Just re-soldered everything on the control plate, and put in a new cap. When I cut the tone down to say, 20% left, volume cuts completely. Bass is a PJ setup. I played around with the grounding using alligator clips and even swapped out the tone pot for a new one and have the same issue. This happens with the control plate separated from the body but still connected AND when it’s inserted & screwed back on. No change. I’m under the assumption I don’t need housing wires going from pot-to-pot ( or the input jack) since the copper shielding on the control plate acts as a common ground? The bridge ground wire + both pickup’s grounds are twisted together and soldered to the back of the tone pot housing. This is my first attempt at hands-on electronics (not just theory or ideas) so any help is appreciated. {}
Can you show the wiring on the tone as well? Did you use a diagram? {} I would still ground the back of the pots as they’re being used as a part of the circuit. Have a look at the value of the pot too, and whether it’s a linear or log/audio
thanks for replying! I’ll try your diagram today. The star ground (pickup, pickup, bridge) is soldered to the back of the 2nd volume knob, and the tone cap is on lug 3 & tone pot casing. Question: looking at your diagram, does the star ground have to share the same solder bead as the tone cap?
The star ground certainly does not "have" to share the same solder bead. Do you own a multimeter? You can use one in continuity mode to check if your grounds are good and if your signal path is intact, and you can also use one in resistance mode to watch resistance on the pots are you turn them. I know you said you replaced the tone pot already, but that would be my first thought - I've had pots that failed just like you're describing. I'd be curious to check the pot's resistance as you turned it (ideally out of circuit).
As soon as things slow down at work I’ll run a resistance test on the pot w\ cap out of circuit. Yes, I do have a multimeter and have good, open readings on the following: Cap (by itself & installed) All pot casing & input jack & shielding combinations All segments on the white-wire path Again, no pot-to-pot or input ground wires since the shielding is acting as a ground.
The picture I uploaded yesterday showed an orange cap, but it stopped working, so now I’m using a ceramic cheapie.

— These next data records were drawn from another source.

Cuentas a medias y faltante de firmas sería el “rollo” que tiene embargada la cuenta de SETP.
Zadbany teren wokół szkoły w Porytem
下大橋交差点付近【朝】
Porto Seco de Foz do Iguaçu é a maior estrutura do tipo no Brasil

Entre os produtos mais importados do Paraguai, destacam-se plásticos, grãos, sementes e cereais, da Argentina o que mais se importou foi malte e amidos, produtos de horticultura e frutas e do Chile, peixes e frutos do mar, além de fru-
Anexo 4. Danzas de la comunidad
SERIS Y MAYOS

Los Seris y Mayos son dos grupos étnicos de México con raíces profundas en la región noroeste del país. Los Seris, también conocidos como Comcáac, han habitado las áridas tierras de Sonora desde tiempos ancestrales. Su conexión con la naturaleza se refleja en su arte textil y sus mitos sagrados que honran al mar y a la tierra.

Here we go! {} {} {} {} {} {} {} {}
Resolved After looking at the diagram in reply #2 from tonymcbony and comparing about a dozen others (both bass AND guitar) I noticed all of them had the input grounded EVEN if the control plate, or entire pickguard, was shielded. exhibit A: {} so I made the following changes: {}
I followed the link from the other thread. I saw the first pic here and said to myself where is the ground on the jack. Glad you figured it out.

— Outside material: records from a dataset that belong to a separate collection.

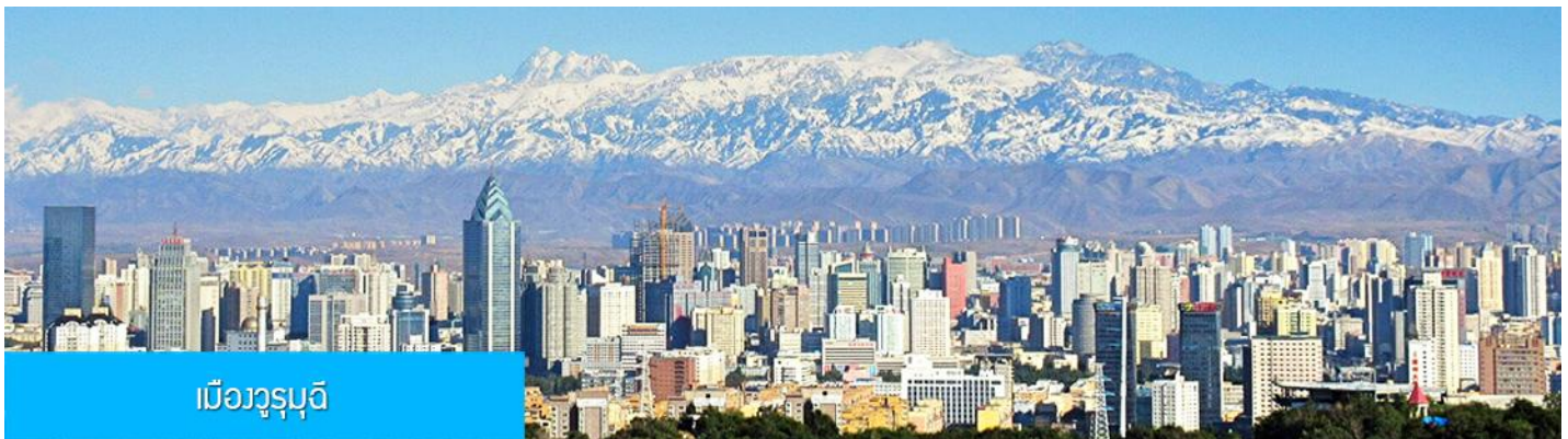
เมืองวูรูมูฉี
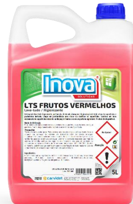
IMAGEM DE PRODUTO
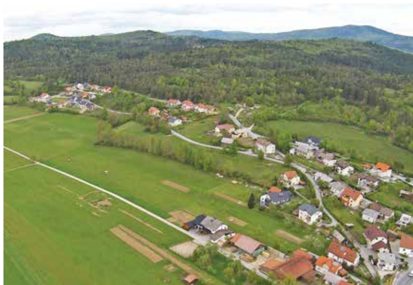
Na občini so letos izdali že devet gradbenih dovoljenj za klasične popolne novogradnje in trinajst dovoljenj za pomožne objekte.

Leta 2008 so podjetja, ki so delovala v gradbeništvu, dosegla skupaj 7,91 milijarde evrov prihodkov od prodaje, leta 2012 pa skoraj polovico manj. Slovenska gradbena industrija se je sicer znašla v težavah že ob osamosvojitvi Slovenije,
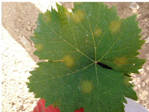
Simptomes de míldiu en fulla. Taques d'oli actives

En aquests moments les condicions meteorològiques han millorat considerablement, per la qual cosa el risc d'atac de míldiu s'ha reduït d'una manera notable. Malgrat això, en aquelles parcel·les en les quals la malaltia no ha sigut controlada de manera totalment satisfactòria, (taques d'oli encara actives, amb conidis), es recomana realitzar un tractament fungicida per a detindre l'atac d'aquest fong.
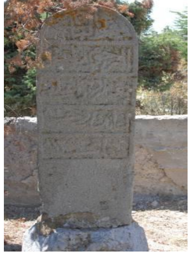
Fotoğraf 39: Ali Ağa'nın taş bir kaide üzerinde yükselen mezar taşı (37).
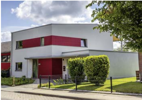
6100-1058 Doppelhaushälfte - Passivhaus Seite 268
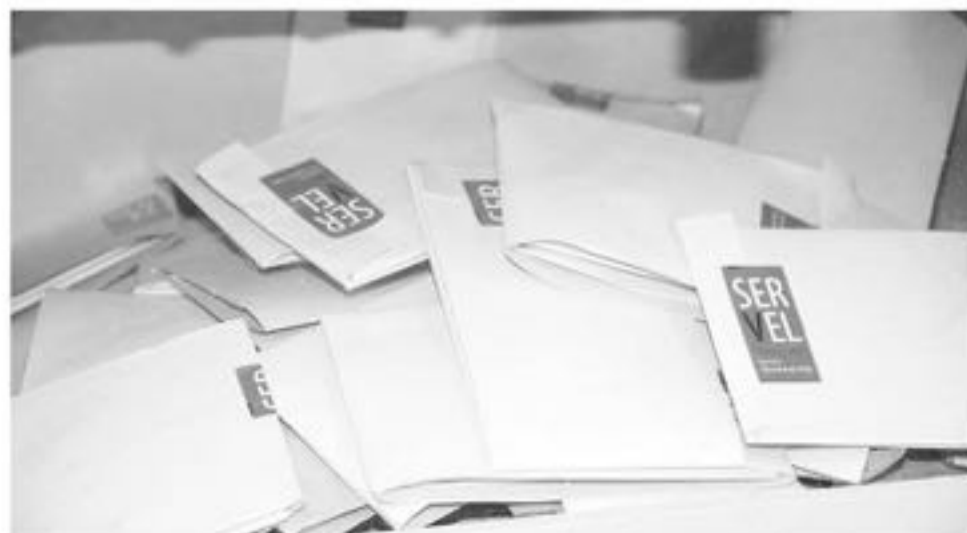
UN 12,5% DEL TOTAL NACIONAL se lleva la región del Biobío en cuanto al pago de devoluciones del Servel a candidatos a cores durante el 2017.

Cabe señalar que, para dar curso a las devoluciones mencionadas, deben haber pasado 20 días hábiles desde que el Servel emitiera la resolución de aprobación de la cuenta de ingresos y gastos que presentó el administrador electoral o el candidato, lo cual ocurrió el pasado 19 de abril. De este modo, según lo establecido en el artículo 17 de la citada ley, los gastos en que incurrieron los candidatos durante sus campañas son reembolsados hasta por una suma que no exceda de las 0,04 UF multiplicadas por el número de sufragios que hayan obtenido en la elección. Si el total de los gastos rendidos son inferiores a la suma que resulte, la devolución de gastos se ajustará a los efectivamente realizados. Por el contrario, del total de gastos rendidos solo se autoriza el reembolso hasta el monto que resulte del cálculo mencionado.
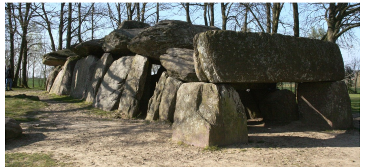
La Roches-aux-Fées, Ille et Vilaine
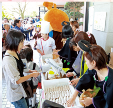
コラボスイーツを販売するメンバー
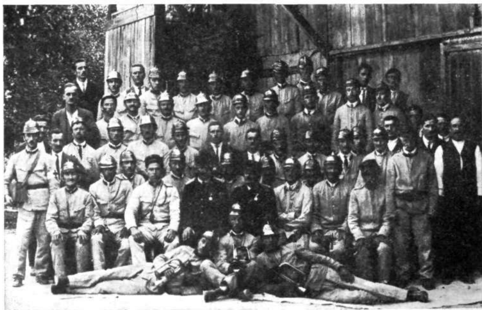
Skupna vaja PGD Železniki, Rudno in Selca na Studenem 14. avgusta 1927

Društvo je leta 1941 imelo naslednjo imovino in opremo:
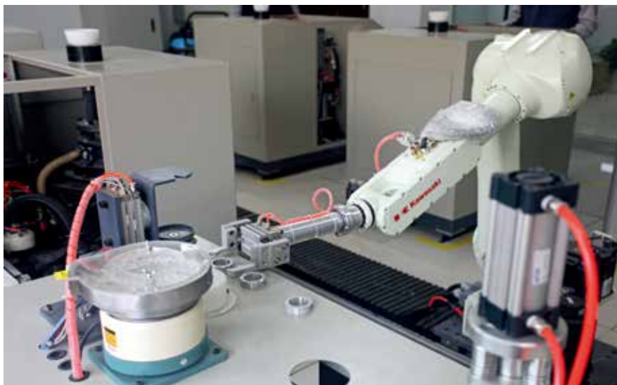
济宁中联智能取样系统

在党建引领和全体党员干部的共同努力下，目前济宁中联所有重点环保治理区域、重点部位、关键装置、重要关口环保治理区域均实现了全过程控制，实现了环保治理全方位、常态化、长效化，环保工作水平大幅提升。其
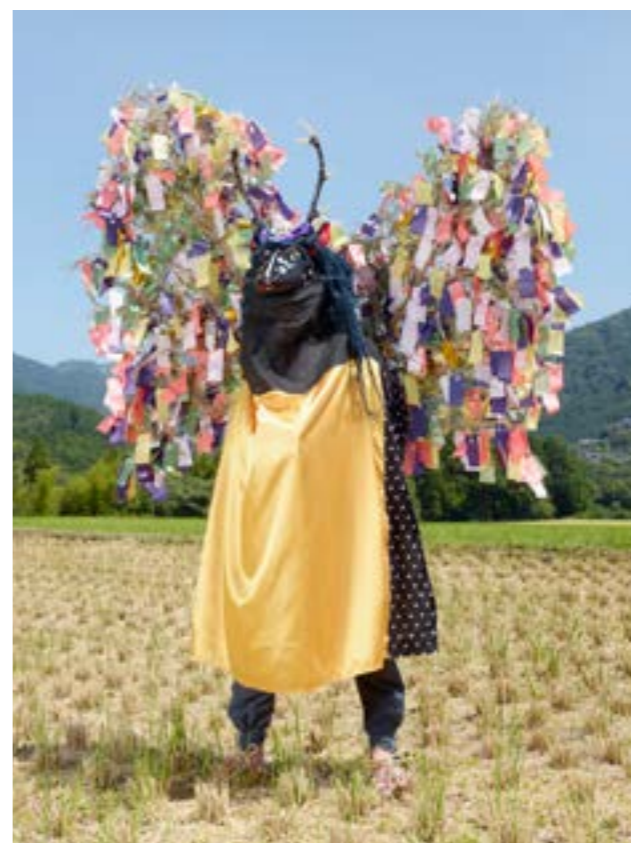
© C. C. Fréger, Mesujika, Yusuiani, Seijo, Ehime Prefecture

Yes, thank you. I was stuck on the idea that with everything shielded all components share a common ground. I still don’t fully understand why this worked, I’m just accepting that it did.
The shielding should be grounded, and the jack being screwed against the shielding should ground it as well. Of course there may have been some bad contact to the shielding which you cured with that ground wire. Or you may have had a short on the lead for the cap which you insulated. Might want to check for continuity between your shielding and ground (at the jack), just in case. If the shielding isn't well grounded it's not going to be effective.

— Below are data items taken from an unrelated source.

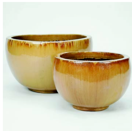
BOWL Coupe cylindrique
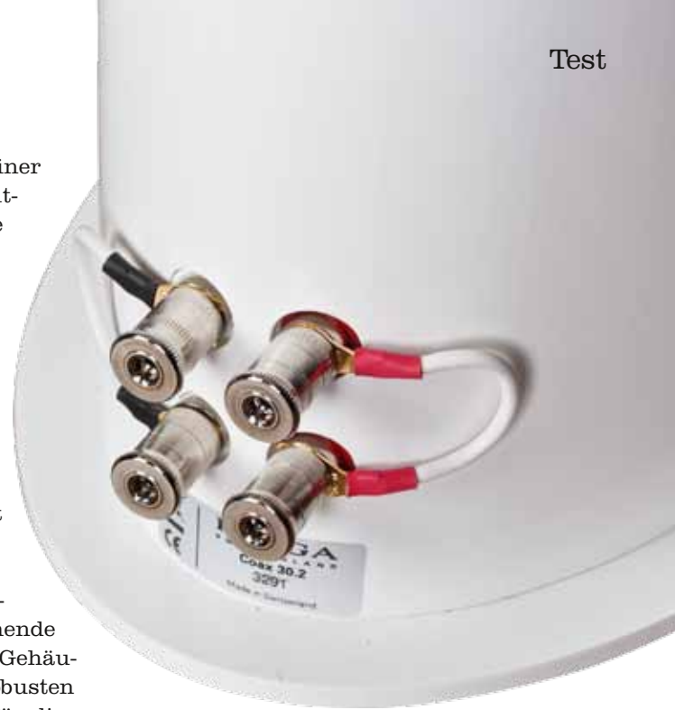
Die Lautsprecheranschlüsse stammen von WBT. Sie sind sehr stabil ausgeführt und nehmen alle Steckverbindungen auf

Die Hoch-Mitteltoneinheit ist als koaxiales Bändchen ausgelegt. Piega bezeichnet dies als C2-System
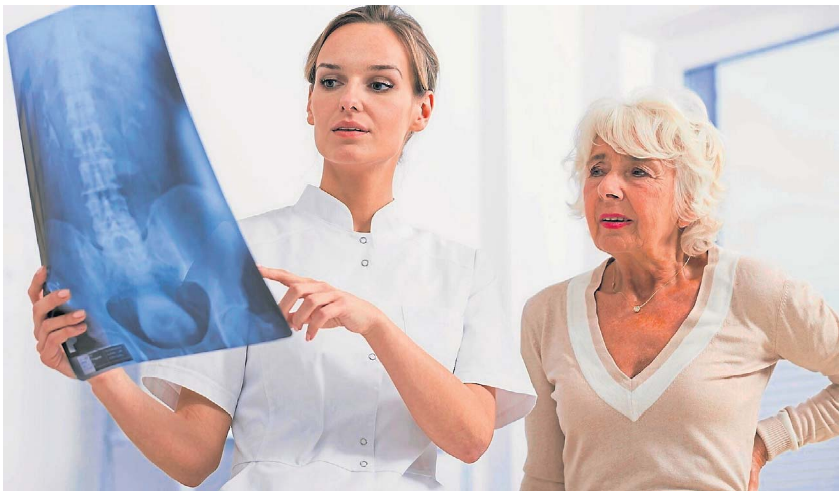
Osteoporozę można wykryć na wczesnym etapie rozwoju, co umożliwi jej skuteczniejsze leczenie i profilaktykę groźnych złamań

Przy postępującej osteoporozie dochodzi do kurczenia się ciała, tj. zmniejszenia się wzrostu. Choć zjawisko to zachodzi naturalnie z wiekiem, znaczne zmiany mogą wskazywać na złamania kompresyjne kręgow. Zwykle towarzyszy im ból w miejscu urazu, choć nie zawsze tak jest, a dolegliwości bólowe często zmniejszają się z czasem. Zaawansowana osteoporoza prowadzi do złamań kompresyjnych nawet kilku kręgow naraz,
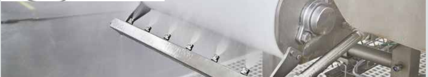
Transportbandreiniging in een groot slachthuis. In deze toepassing wordt de SC DELTA gevoed met het benodigde hete water en samen met de watercapaciteit en de druk die nodig zijn om het gewenste resultaat te bereiken. De SC DELTA maakt het mogelijk meerdere transportbanden tegelijk te reinigen

Yes, I did successful continuity tests from each component’s “earth” to the shielding (several times when my sanity was at its lowest) My hunch lines up with what you mentioned, that it was cap related. The first one failed from amateur soldering mistakes and the 2nd cap (ceramic) had been stored in a drawer for 5 years. Even though it tested fine on the multimeter, I just didn’t trust it so I ordered a new one.